I don't think she's done a bad job at Facebook. She's actually done a great
job at selling ads - that's something she's been doing very well for 11 years
now.

But a company like Facebook doesn't come along often, and when you're the COO
of Facebook you owe it to your employees, your investors, your industry, and
the world to attempt to create entirely new ways of doing things. There was no
real creativity in the Facebook monetization solution - which sucks because up
to that point Facebook was one of the most creative technology companies.

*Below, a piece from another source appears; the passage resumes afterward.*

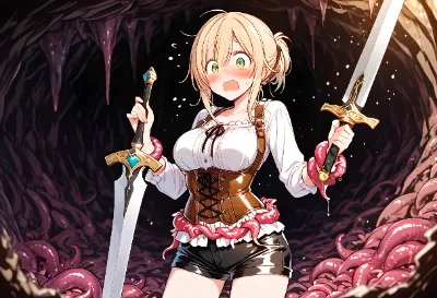 ヤバーイ出現の知らせを聞いて公園に駆け付けると、一見怪人には見えないけど物々しい気配を纏った人がいた。見た目はイケオジって感じの紳士で、英字新聞柄のスーツを着てる。多分、人に化けるタイプなんじゃないかな。 「あなた、ヤバーイの怪人でしょ!その邪悪な気配で丸わかりなんだから!」 私が叫んで指を突きつけると、その怪人はこっちを向いて口を開いた。 「その通り、ワタクシはヤバーイ四天王の一人バラバラヴァー様が造り上げた怪人にございます。名を『新聞紳士』と申しまして、新聞紙と紳士を合成した怪人ですな」 「しゃべりやがった!?」 ロジカルが驚いてスマホデバイスを取り落としかける。確かに、今までの怪人って基本的に鳴き声はあげてたけど意味のある言葉を操るのはいなかったのに。 「むぅ、今『紳士』を素材にしたような事を言っていたな。その人間の知能がかなり高かったのかも知れんぞ」 「人間を怪人にするのはハイヒールレスラーの時とかにもやってたけど、あの時は鳴き声しか喋ってなかったよね」 私たちが新聞紳士の特徴を見抜こうとしていると、するっと新聞紳士が増えた。最初から重なって立っていたのかっていうくらい自然に。 「増えちゃった!」 「ワタクシ、しん『ぶんしん』し、でございますから。分身も出来ますとも」 見る間に新聞紳士は増えて行って、私たちを取り囲んだ。私は包囲網を突破するために、ファイアボールを構える。 「おっと、お嬢さん。その炎の攻撃はワタクシに良く効きますが、攻撃しない事をお勧めしますよ」 「えっ、どうして?」 「見てお分かりかと思いますが、ワタクシのスーツは新聞紙。ゆえに簡単に破れたり燃えたりします。そうなると・・・もろ出しですぞ」 もろ出し・・・って、もしかして男の人のアレが!? 「ざけんな!ニチアサに出てきていい怪人じゃねーぞ!」 「そ、そうだよぉ!そんなえっちなの・・・だ、ダメだよ!」 「ふふふ、マジカヨといえど年頃の乙女。どうやらワタクシたちをもろ出しにするのは抵抗があるようですな」 私たちが攻撃できないでいると、じりじりと包囲網を狭めてくる。このままじゃ、一方的に攻撃を受けちゃう! 「なれば一撃で灰すら残さず屠るのみよ!カァッ!!!」 フィジカルが口から魔力砲を吐き出して、新聞紳士たちを跡形もなく消し飛ばした。でも、開いた包囲網を埋めるように次々と分身してくる。これじゃキリがないよ。 「お、おのれぇ・・・おのれぇ!」 「マズいぜ、こうなったら目を塞いで戦うか?」 「それじゃ敵がどれくらい残ってるか分かんなくなっちゃうよ!」 「苦戦しているようね」 打つ手がなくて困っていた私たちの隣に、クリティカルが降ってきた。 「クリティカル!来てくれたの?」 「ええ。とはいえ私も彼らを裸にしないで倒す方法なんて持ってないけどね。脱がしていいなら全員斬ってくるけど?」 「いやダメだろ!役に立たねぇな!」 やっぱりフィジカルがやってるみたいな超高火力攻撃で一瞬で消し去るしかないのかな。でも一人でも生き残ったら、そこからまたどんどん増えちゃうし。 「ヌゥ~ッ、火に弱いという事は分かっているのに燃やせぬとは。なんたるコシャク!」 火に弱い・・・そうだよね、そこは新聞紙の特徴受け継いでるんだ。新聞紙の弱点、他に何かあったかな・・・。 「・・・あっ!そうだ、これなら!」 私はすぐにタスカル君にテレパシーを飛ばした。 (タスカル君、今すぐ公園に来て!私が今から言う姿で!) (後でリリカルが一緒にお風呂入ってくれるなら考えてもいいカル) (もー!こんな時に何言ってるの!・・・お、お兄ちゃんの秘蔵の本読ませてあげるとかじゃダメ?) (う~ん、まぁいいカル。リリカルのお兄さん、確か巨乳セクシー美女派だったはずカル。結構期待できそうカル) 交渉成立。私は魔法のバリアを周囲に展開して、新聞紳士が近づけないようにした。時間を稼いでタスカル君が来れば、きっと勝てるはず! 「おいリリカル、何に気付いた?」 「タスカル君にお手伝いを頼んだんだよ。多分、すぐ来てくれるはず」 そして1分もしない内に、パワフルなエンジン音とタスカル君の声が聞こえて来た。新聞紳士たちがその声に動きを止める。 「毎度お騒がせ致しております、ちり紙交換車カル。ご家庭内の古新聞がございましたら 多少に関わらずお声かけ下さいカル。お声かけて頂ければこちらから参りますカル」 公園の遊歩道を走って来る軽トラックの姿が見えた。そう、私はタスカル君に「軽トラックに化けてセリフを言いながら走行してきて」とお願いしたの。 「ち、ちり紙交換車!なぜこんなところに!?」 「まずいですぞ、回収されてしまう!」 「逃げるのです、いや隠れるのです、いややっぱり逃げるのです!」 案の定、新聞の弱点そのままの新聞紳士は大騒ぎ。次々分身が消えて行く中、一人だけすごい速さで一目散に逃げて行く新聞紳士が。あれがきっと本体なんだ。 「私に任せて、仕留めてくるわ」 クリティカルが

But blaming Sandberg for selling advertising is like blaming Elton John for
selling music. It's what she does. Sandberg didn't make any real mistakes -
she did the job she was hired to do. Facebook made the mistakes by letting her
decide how to monetize.

------
brown9-2
1\. _And with that, an entire industry was born. But two years later, Sandberg
promptly killed it._

What did Sandberg actually kill here? Isn't the "operating system" referred to
in the quote the overall Facebook platform, which still exists?

2\. Is app.net really a success just because the kickstarter was funded?
That's a bit hyperactive. Let's hold off judgment until a year or two and see
if their revenues are larger than their costs.

3\. The article author makes the naive assumption that a falling stock price
can be interpreted as a business failure without actually looking at or
mentioning Facebook's actual financials.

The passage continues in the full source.